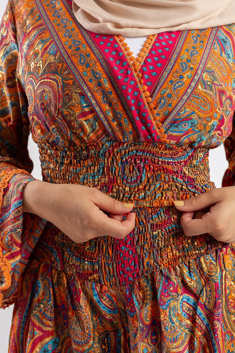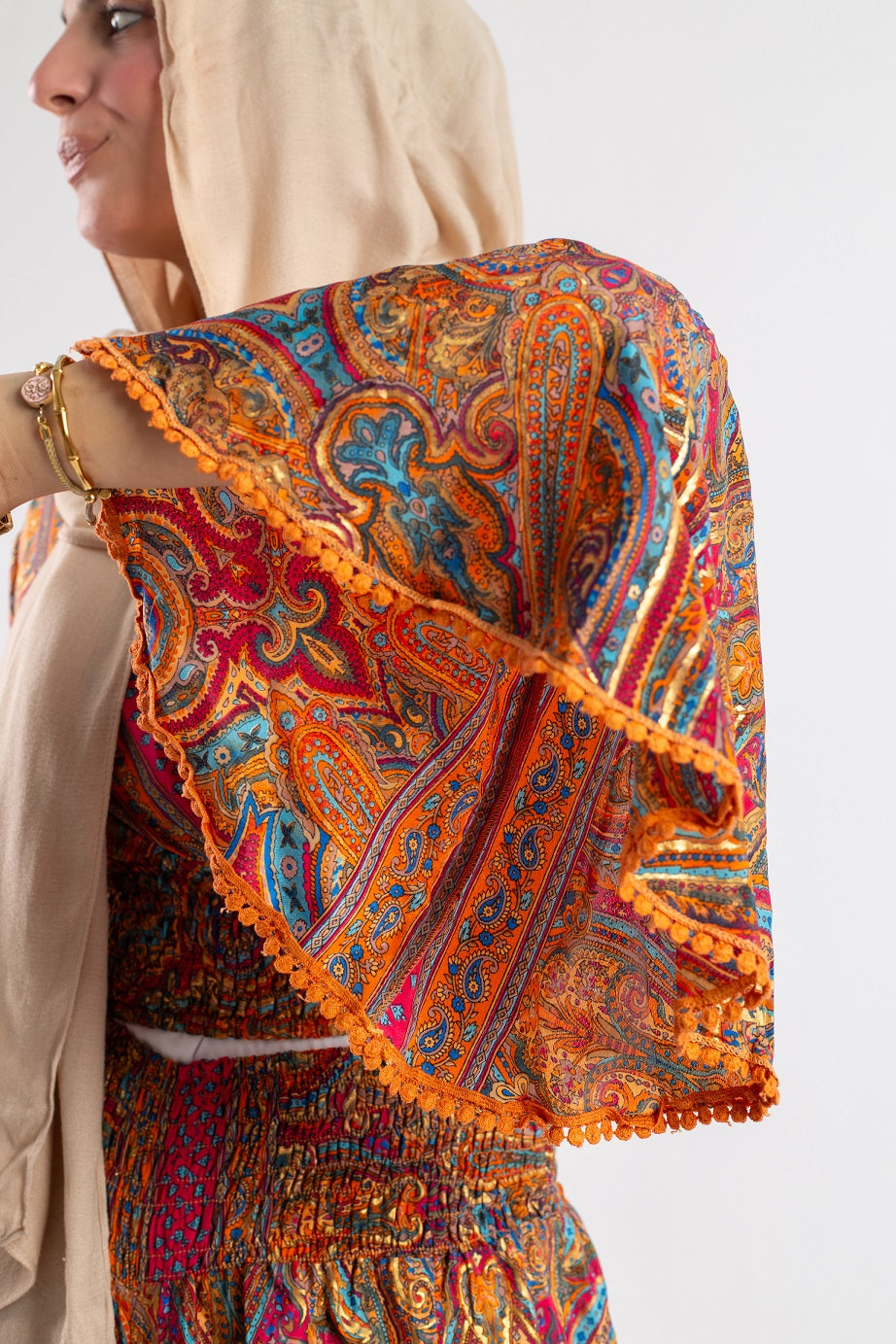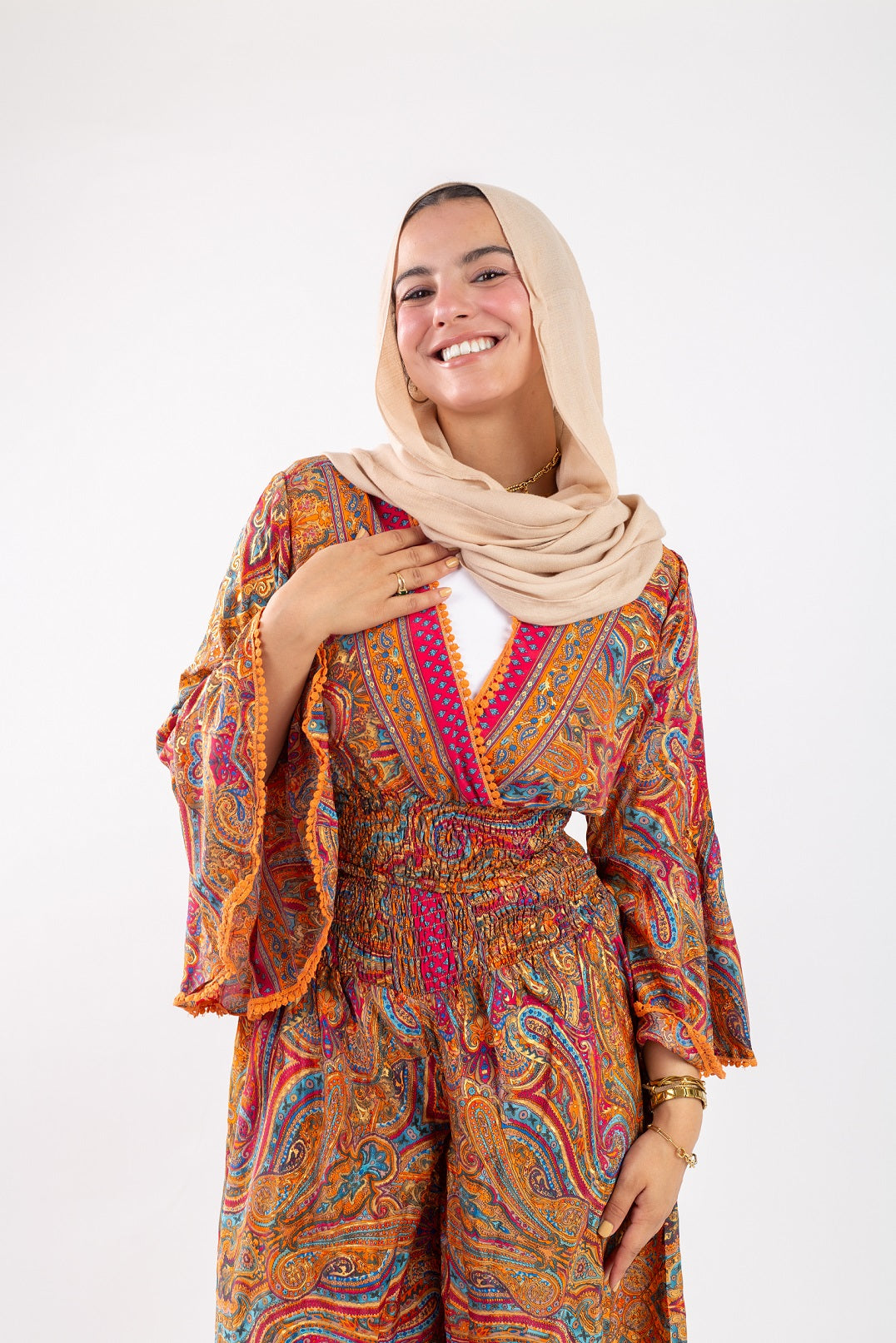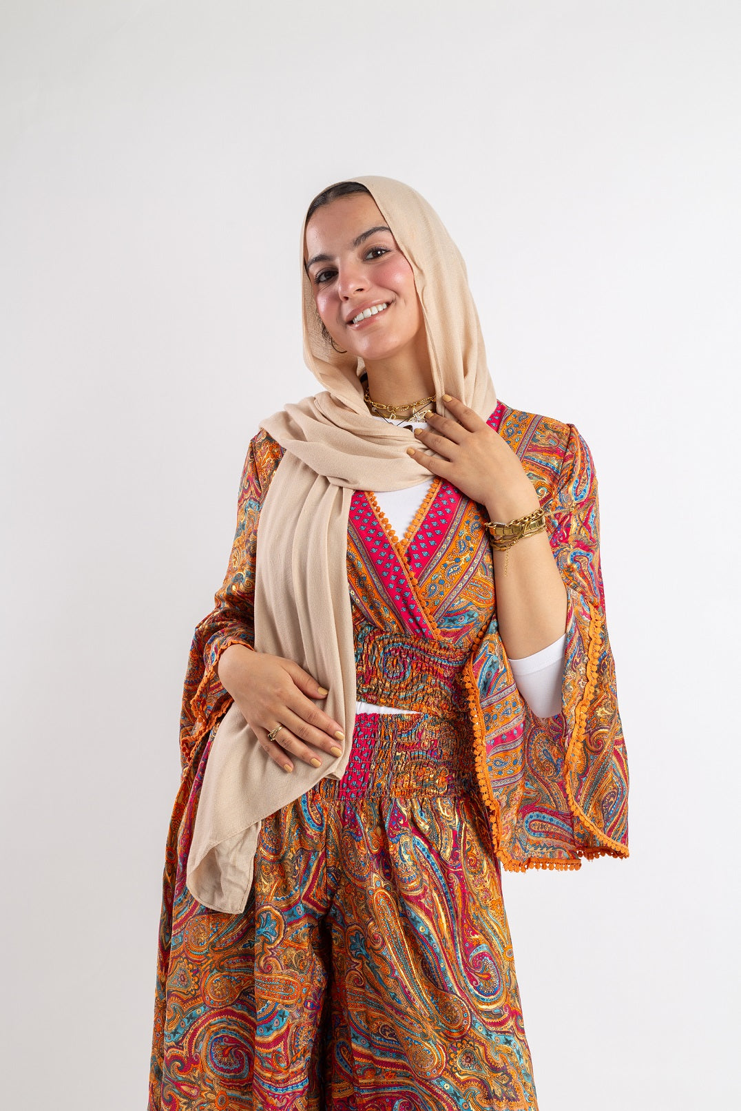 Our Indian Suit blends cultural elegance with modern modesty. Made from soft, breathable Indian fabric, it features a graceful silhouette, detailed finishes, and a comfortable fit. Perfect for festive events, gatherings, or elegant everyday wear. The suit includes a matching top and wide-leg trousers for a coordinated look. Available in multiple sizes and rich tones.
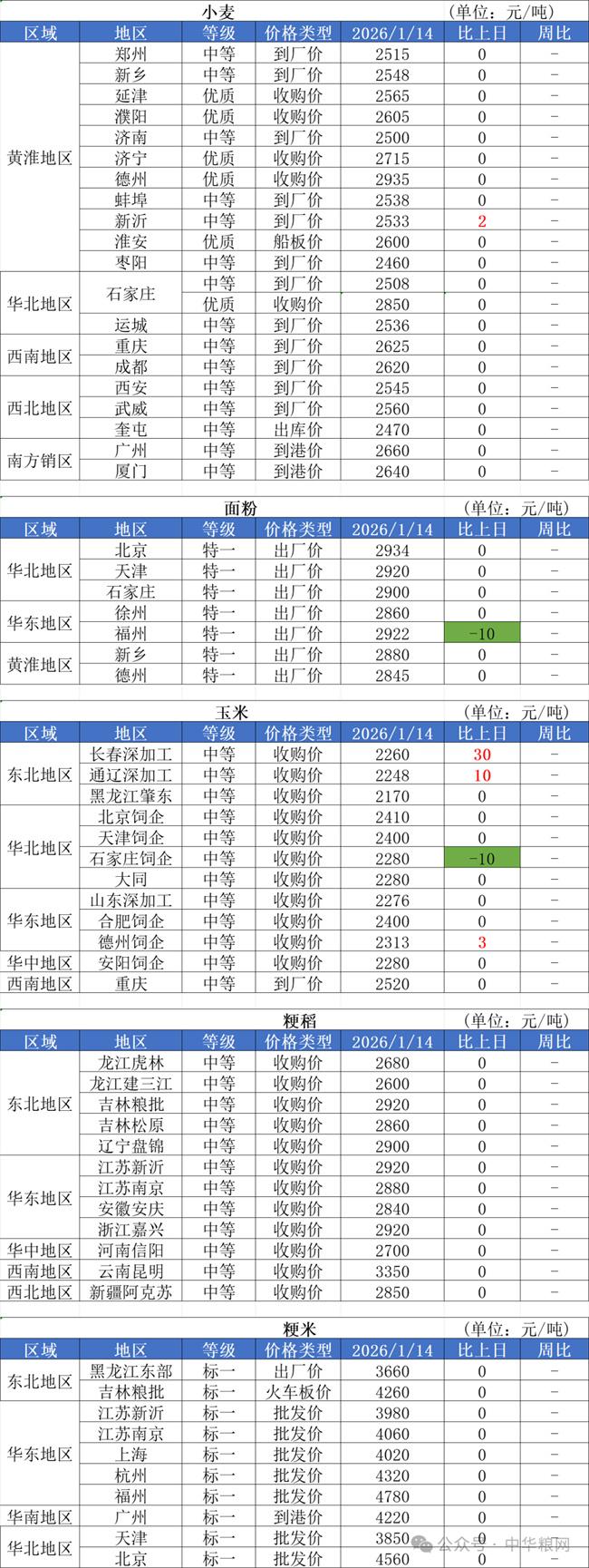 1、1月14日,國內(nèi)小麥收購價格穩(wěn)中局部上漲,山東、河北、江蘇零星制粉企業(yè)上調(diào)收購價格,幅度在2-3厘。14日第二期托市收購小麥開啟了拍賣,本次計(jì)劃銷售總量20.06萬噸,實(shí)際成交16.14萬噸,成交率80.5%。
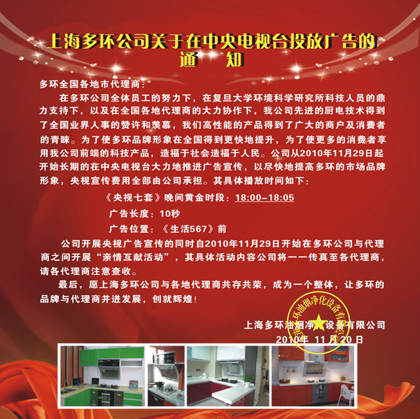 上海多環公司關于在中央電視臺投放廣告的通知
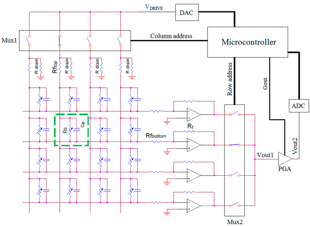- Operational amplifiers (MCP6V14—Microchip Technology) in transimpedance configuration: Transform into voltage the current of each row (bottom conductive paths) of sensels.
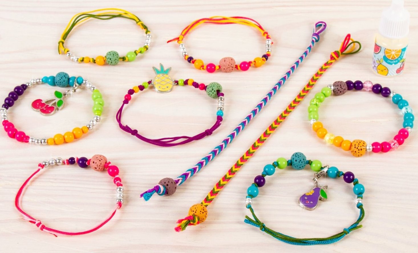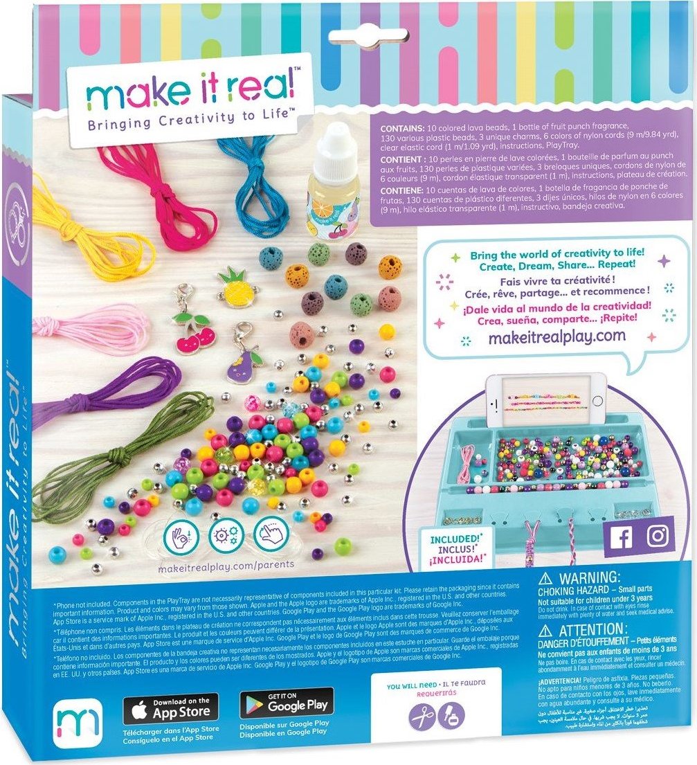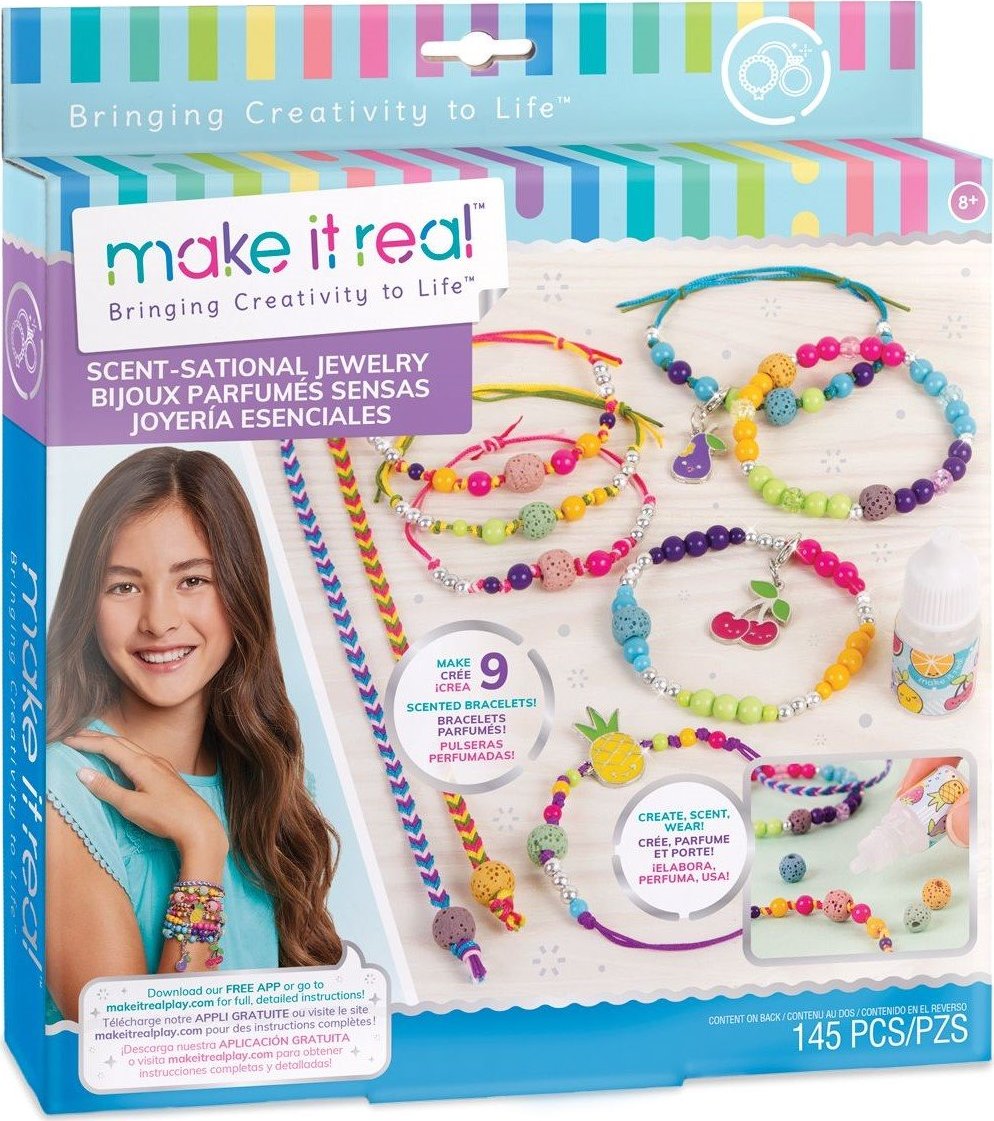 Vyrob si sadu voňavých náramkov, ktoré nikto iný nemá. Vytvor si originálne náramky s lávovými korálkami, napusť ich vonnou esenciou a okúzli svoje okolie. Pomocou sady na výrobu náramkov ti to pôjde jedna radosť. Spolu s kamarátkami vytvorte tie najkrajšie doplnky! Sada obsahuje: - 10 lávových korálikov - 1 fľaštičku ovocnej vône - 130 plastových korálikov - 3 prívesky - 6 farebných nylonových povrázkov (9 m) - priehľadný elastický povrázok (1 m) - plastový podnos na tvorenie náramkov - obrázkový návod Vhodné pre deti rokov.Vlastnosti
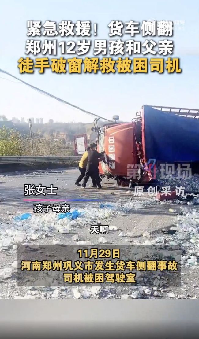 货车侧翻12岁少年跟着父亲冲了上去 父子徒手施救。11月29日,河南郑州巩义市发生了一起货车侧翻事故,司机被困在驾驶室内。一位父亲带着12岁的儿子毫不犹豫地冲上前去,徒手掰开玻璃窗施救。司机当时在呼救,父子俩直接冲过去救人,母亲也立即拨打了120急救电话。孩子的勇敢行为让母亲感到欣慰和骄傲。目前,相关部门正在处理此事。

______________________________

(Problem details): Each entry above should be written out again exactly, without its pictures.

(Answer section):
 Our Indian Suit blends cultural elegance with modern modesty. Made from soft, breathable Indian fabric, it features a graceful silhouette, detailed finishes, and a comfortable fit. Perfect for festive events, gatherings, or elegant everyday wear. The suit includes a matching top and wide-leg trousers for a coordinated look. Available in multiple sizes and rich tones.
 1、1月14日,國內(nèi)小麥收購價格穩(wěn)中局部上漲,山東、河北、江蘇零星制粉企業(yè)上調(diào)收購價格,幅度在2-3厘。14日第二期托市收購小麥開啟了拍賣,本次計(jì)劃銷售總量20.06萬噸,實(shí)際成交16.14萬噸,成交率80.5%。
 上海多環公司關于在中央電視臺投放廣告的通知
- Operational amplifiers (MCP6V14—Microchip Technology) in transimpedance configuration: Transform into voltage the current of each row (bottom conductive paths) of sensels.
 Vyrob si sadu voňavých náramkov, ktoré nikto iný nemá. Vytvor si originálne náramky s lávovými korálkami, napusť ich vonnou esenciou a okúzli svoje okolie. Pomocou sady na výrobu náramkov ti to pôjde jedna radosť. Spolu s kamarátkami vytvorte tie najkrajšie doplnky! Sada obsahuje: - 10 lávových korálikov - 1 fľaštičku ovocnej vône - 130 plastových korálikov - 3 prívesky - 6 farebných nylonových povrázkov (9 m) - priehľadný elastický povrázok (1 m) - plastový podnos na tvorenie náramkov - obrázkový návod Vhodné pre deti rokov.Vlastnosti
 货车侧翻12岁少年跟着父亲冲了上去 父子徒手施救。11月29日,河南郑州巩义市发生了一起货车侧翻事故,司机被困在驾驶室内。一位父亲带着12岁的儿子毫不犹豫地冲上前去,徒手掰开玻璃窗施救。司机当时在呼救,父子俩直接冲过去救人,母亲也立即拨打了120急救电话。孩子的勇敢行为让母亲感到欣慰和骄傲。目前,相关部门正在处理此事。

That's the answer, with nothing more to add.